- Tyrell Davis, Stewart Rome and Kathleen Kelly in the film
- Directed by: Ivar Campbell
- Written by: N.W. Baring-Pemberton; George Robinson;
- Produced by: Norman Loudon
- Starring: Stewart Rome Valerie Taylor Tyrell Davis
- Production company: Sound City
- Distributed by: Metro-Goldwyn-Mayer
- Release date: March 1934;
- Running time: 71 minutes
- Country: United Kingdom
- Language: English

= Designing Women (1934 film) =

1934 British film by Ivar Campbell

Designing Women (also known as House of Cards) is a 1934 British drama film directed by Ivar Campbell and starring Stewart Rome, Valerie Taylor and Tyrell Davis. It was written by N.W. Baring-Pemberton and George Robinson, and shot at Shepperton Studios.

==Plot==
After Diana marries Alan Dent, an ex-officer who then drinks himself to death, she resolves to secure her financial independence. Primed with insider information, she purchases a plot of land at a bargain price and launches a house agency under the slogan "Houses for women, designed by women." Together with her business partner Molly, Diana fights to establish the venture and ultimately makes a fortune. When Molly decides to marry, Diana buys out her share of the firm to run the business alone. Her life changes when Travers, an old admirer, is injured in a smash-and-grab raid. Abandoning a lucrative contract, Diana rushes to his hospital bedside. Realising where her heart truly lies, she decides to abandon her hard-won career in exchange for love.

==Cast==
- Stewart Rome as Travers
- Valerie Taylor as Diana Dent
- Tyrell Davis as Hildebrand Way
- D. A. Clarke-Smith as Bowsfield
- Cyril Gardiner as Alan Dent
- Kathleen Kelly as Molly
- Edgar Driver as Green

== Reception ==
The Daily Film Renter wrote: "Taken all round, it is an ingenuous affair. Settings are artistically devised, while photography and presentation are quite good. Direction is adequate, Valerie Taylor plays Diana, achieving a fair amount of conviction, Kathleen Kelly making a likeable Molly. Stewart Rome is inclined to overdo his role of Travers. Tyrell Davis, as a milksop architect who marries Molly, supplies amusing comedy support."

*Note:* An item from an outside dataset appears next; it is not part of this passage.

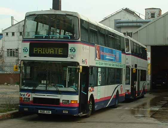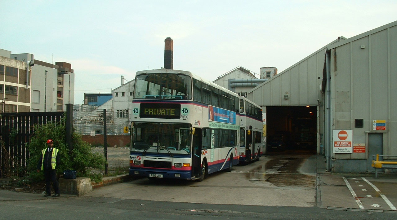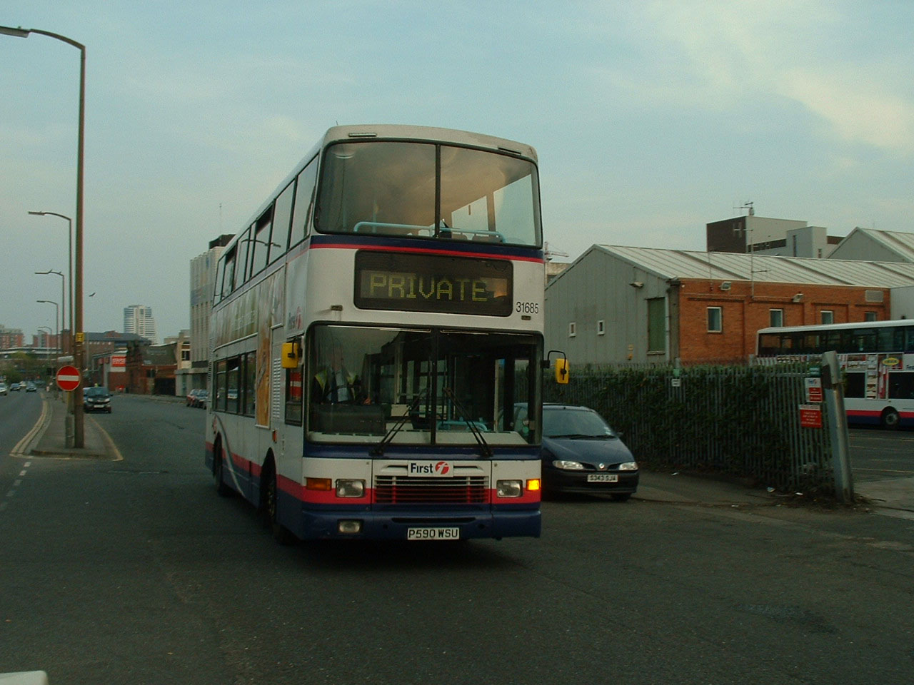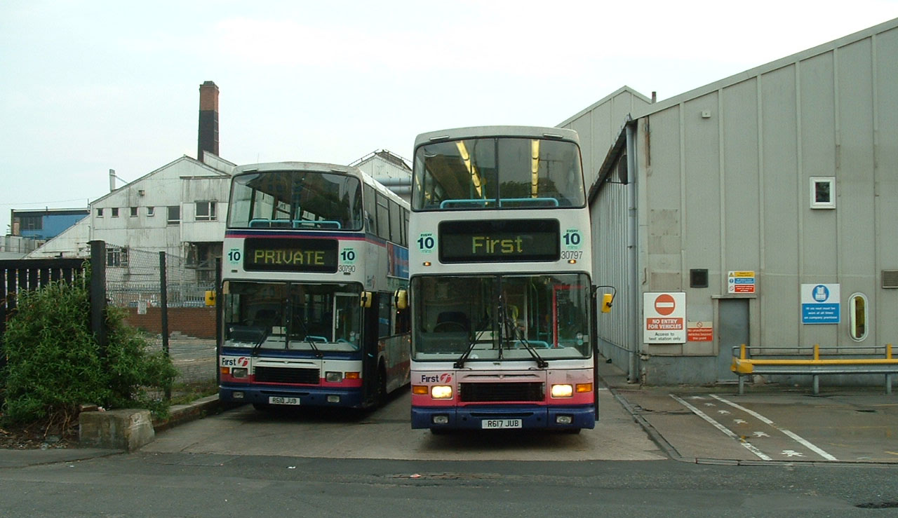 In early 2007 the handsome Alexander Royale bodied Volvo Olympian was the mainstay of the doubledeck fleet in Leeds. The local delivery had been supplemented by transfers from within the group of buses like 31685 (P590WSU) which had arrived from First Glasgow and is seen passing Bramley depot. |

Kine Weekly wrote: "Story of love versus a career, which has quite a good idea behind it, but treated in too leisurely a fashion and none too convincingly developed. Acting values are only moderate, but technical work is sound. It should prove useful for quota purposes and provide moderate general entertainment."

Picturegoer wrote: "[Valerie Taylor] appears rather stilted and artificial, although at times she enlists sympathy and you can feel her enthusiasm for complete emancipation. Stewart Rome has few opportunities as the man for whom she sacrifices her career, but he is sincere and natural. ... Kathleen Kelly is attractive asa young girl who joins the elder woman in her housing plans, but later deserts her for a lover. This latter role is played in an irritatingly 'silly ass' manner by Trrell Davis. The plot unfolds very slowy and there is not a great deal of dramatic force in the depiction of the heroine's unhappy married life; the sequences which depict her life as a successful building contractor, however, are more interesting and contain humour with a strongly human vein in it."